The Altair Community is migrating to a new platform to provide a better experience for you. In preparation for the migration, the Altair Community is on read-only mode from October 28 - November 6, 2024. Technical support via cases will continue to work as is.

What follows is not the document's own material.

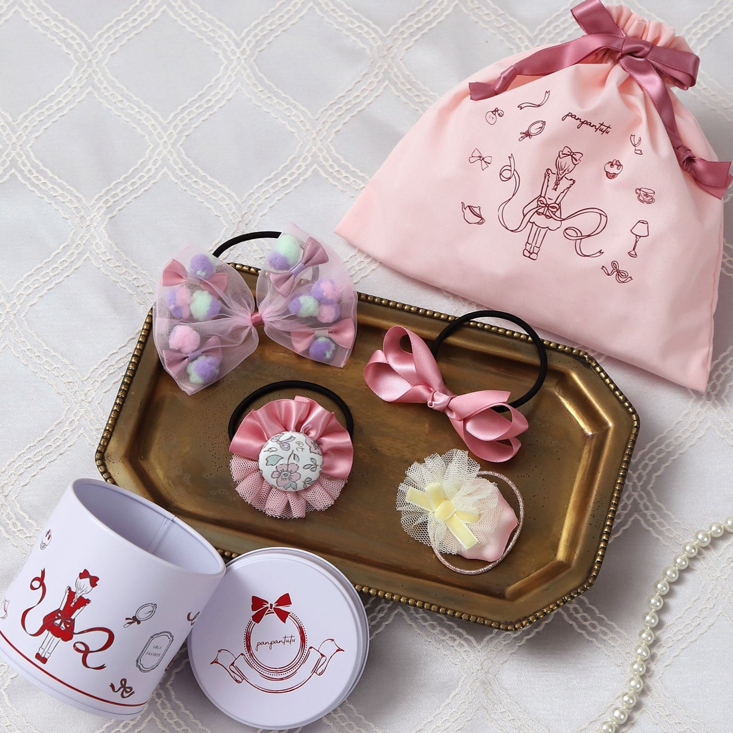 女の子の可愛いお部屋がプリントされたプチジュエル缶に、リボンがいっぱい入った夢のようなプチ缶ギフト。

For any urgent requests from Students/Faculty members, please submit the form linked here
CSVExampleSource.PARAMETER_COLUMN_META_DATA
Neomatrix433
Member Posts: 8 Contributor II
Hi I have a problem with the CSVExampelSource operator. I want to read a CSVDatei and add them to the DecisionTreeLearner.

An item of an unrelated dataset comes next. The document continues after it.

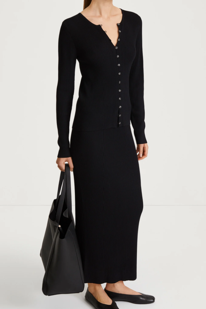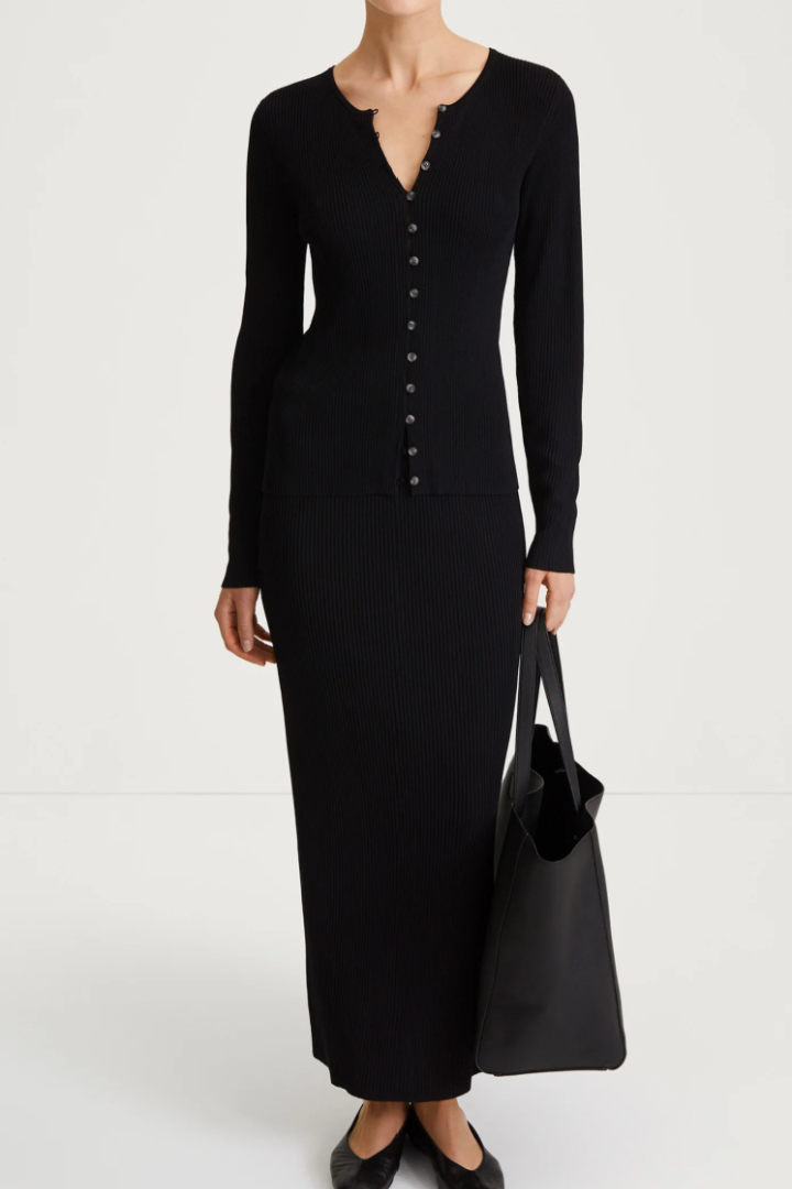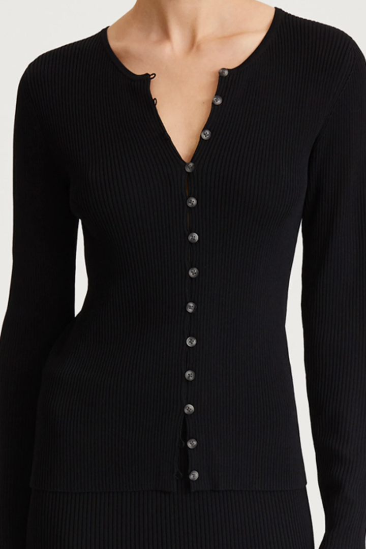 Paloma is a finely ribbed, fitted cardigan crafted from a soft rayon blend. Designed with a rounded neckline and tonal horn buttons, it features elastic loops in place of traditional buttonholes for a delicate finish.

How can I add my CSVExampelSource operator attributes and label?
This is my testdata:
Play;Outlook;Temperature;Humidity;Wind
yes;sunny;85;85.0;false
yes;overcast;80;90.0;true
no;overcast;83;78.0;false
no;rain;70;96.0;false
yes;rain;68;80.0;true
no;rain;65;70.0;true
yes;overcast;64;65.0;true
no;sunny;72;95.0;false
yes;sunny;69;70.0;false
no;sunny;75;80.0;false
yes;sunny;68;70.0;true
no;overcast;72;90.0;true
yes;overcast;81;75.0;true
no;rain;71;80.0;true
My code to test:
Process[0] (Process)
subprocess 'Main Process'
+- Read CSV[0] (Read CSV)
+- Set Role[0] (Set Role)
+- Decision Tree[0] (Decision Tree)
IOContainer (0 objects):
How can I put information if nominal, binominal, real and integer to the CSV operator ....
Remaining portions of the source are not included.